Quote Originally Posted by Lawineer View Post
Something that can contribute is not going fast enough, maybe?

The idea with negative camber is to make up for the suspension flex, so that it ends up being flat in turns. So the theoretical optimal amount of negative camber is dependent on the amount of grip (tires, conditions, etc). More grip, more neg camber. But if you don't use it all, the wheel doesn't get flat and you're riding on just the insides through the turn too- rather than distributing load across a flat tire. Negative 3 is a lot of negative camber for a street tire, but on the Kumhos and with all that aero, it's got tons of grip for that camber

FYI: On properly setup and driven race cars, insides wear the fastest anyway. You're always either wearing evenly (in a turn) or wearing the inside fastest (when in a straight line, especially coming out of turns and hard braking).
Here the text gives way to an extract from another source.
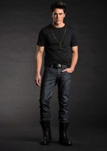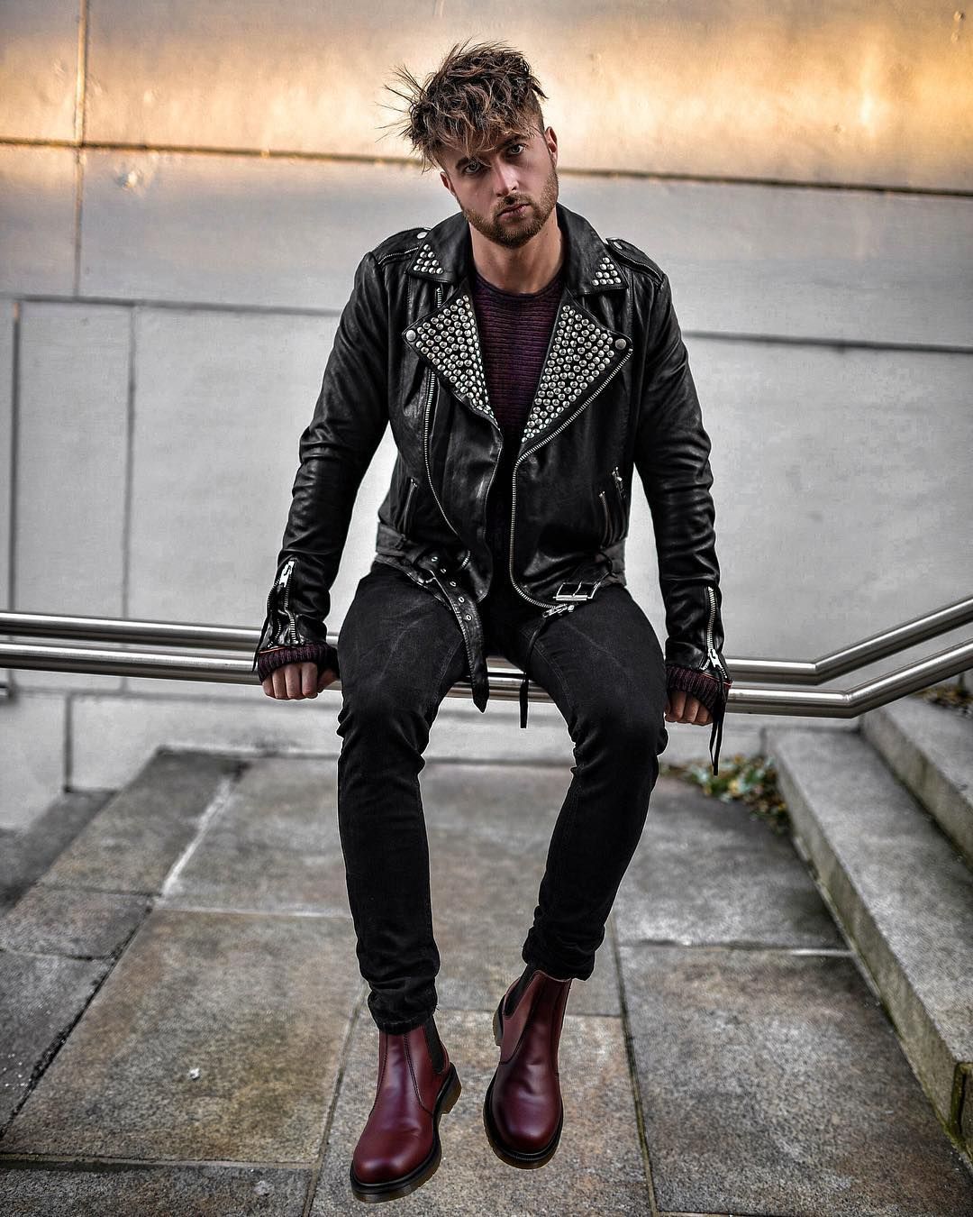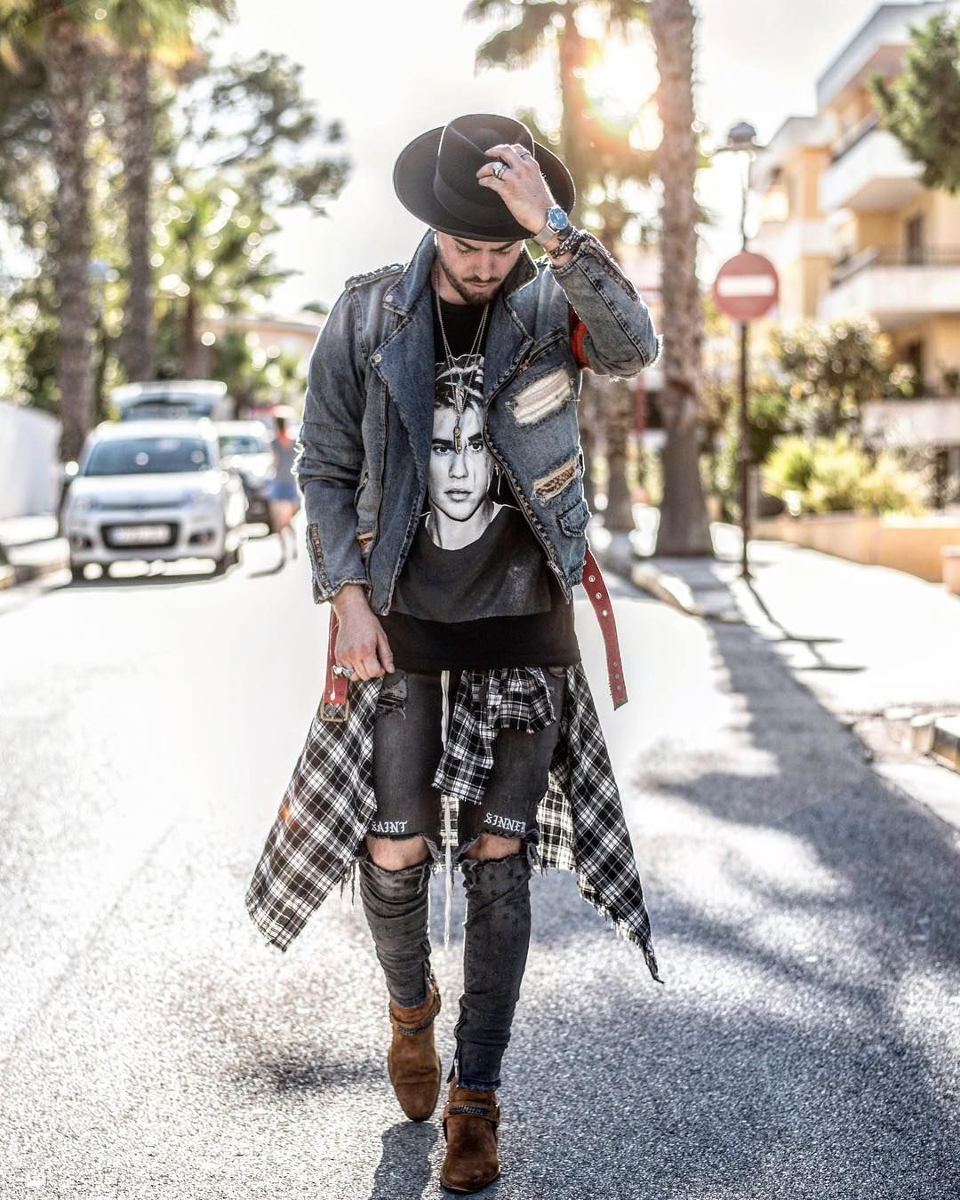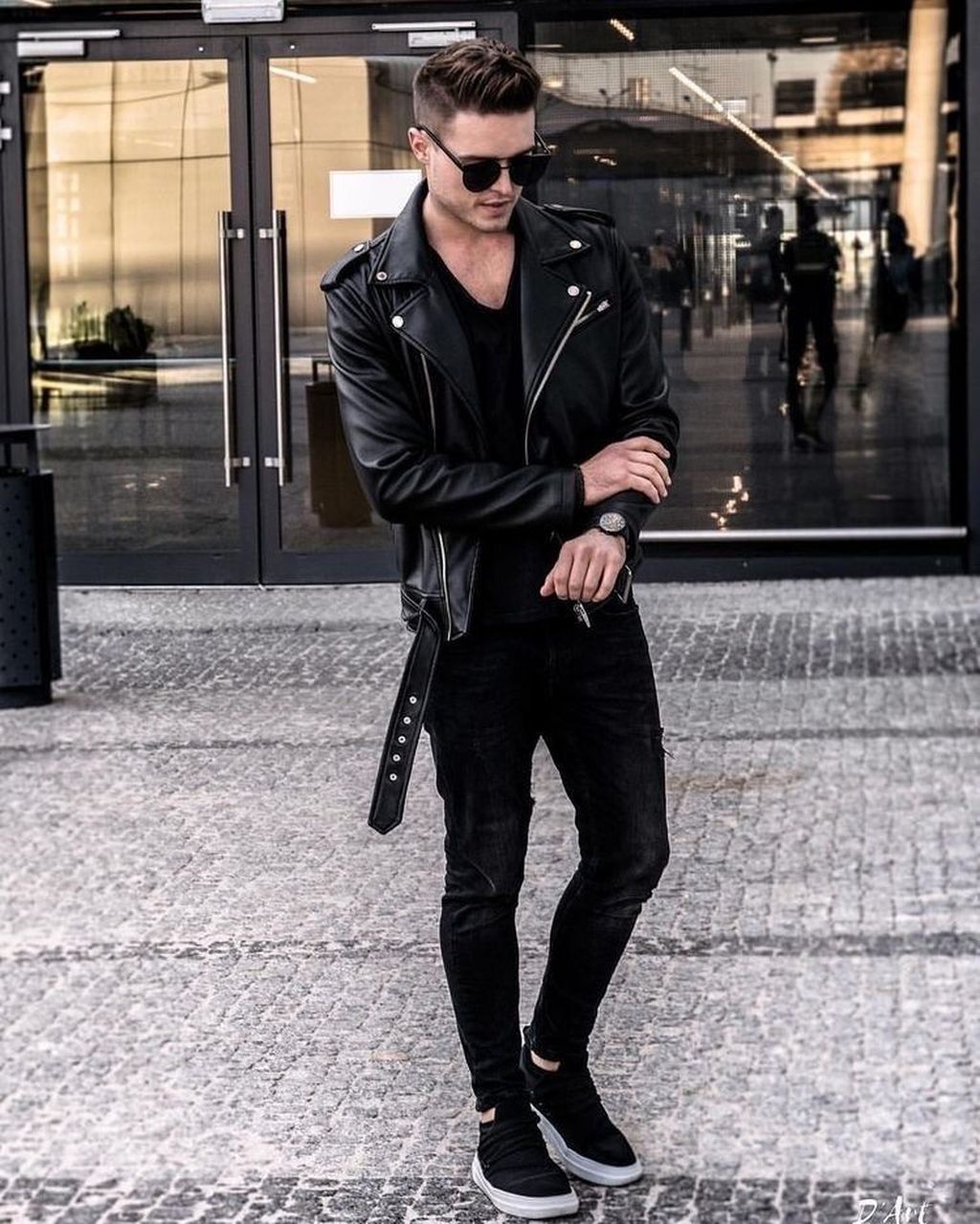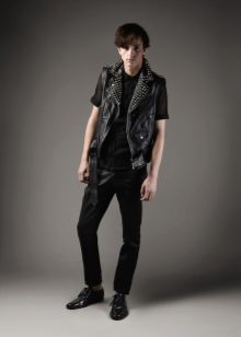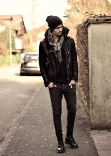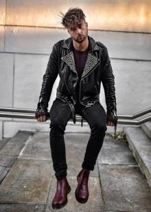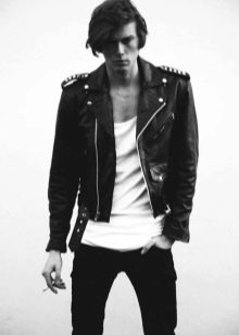 El estilo rockero es bastante masculino, brutal. Los conjuntos de estilo rockero están imbuidos de masculinidad de principio a fin. El cuero, los jeans se usan en grandes cantidades, el corte puede diferir. Camisetas y camisetas con estampados de bandas famosas, adornos temáticos son bienvenidos. Los picos, botones, remaches, cadenas se utilizan a menudo como adornos decorativos. La chaqueta motera es el representante más llamativo de esta imagen. Se pueden utilizar colores: negro, gris, gris, blanco, rojo, verde. Zapatos: desde zapatillas hasta cosacos, botas ásperas y botas de vaquero.

But 2 sessions is very fast.

Maybe it's a tire pressure issue. What are temps across the tire?

Also, camber dictates what part of the tire will wear fastest. Toe is how fast it will wear. The more toe, the more the tires are "scrubbing" rather than rolling.
I thought about that too, that the aggressive negative camber will only put the contact patch flat if you're driving it hard enough, but I'm starting to think there's something about the chassis rigidity, shock stiffness, and double wishbone suspension that makes the viper not really roll over that much.
I'm not sure though, I'm still fairly new to all this!

You can judge if I'm going fast enough for this camber or not in this video from yesterday. A high level AM driver could probably quite easily extract a 1:43 out of this car at this track. Maybe down to a 1:40 if they're really haulin the milk. This was my first real track day with the car and there is much more performance left on the table. I think Turn 6 (the long left sweeper at about 70ish MPH) is what's killing the passenger front inside tire.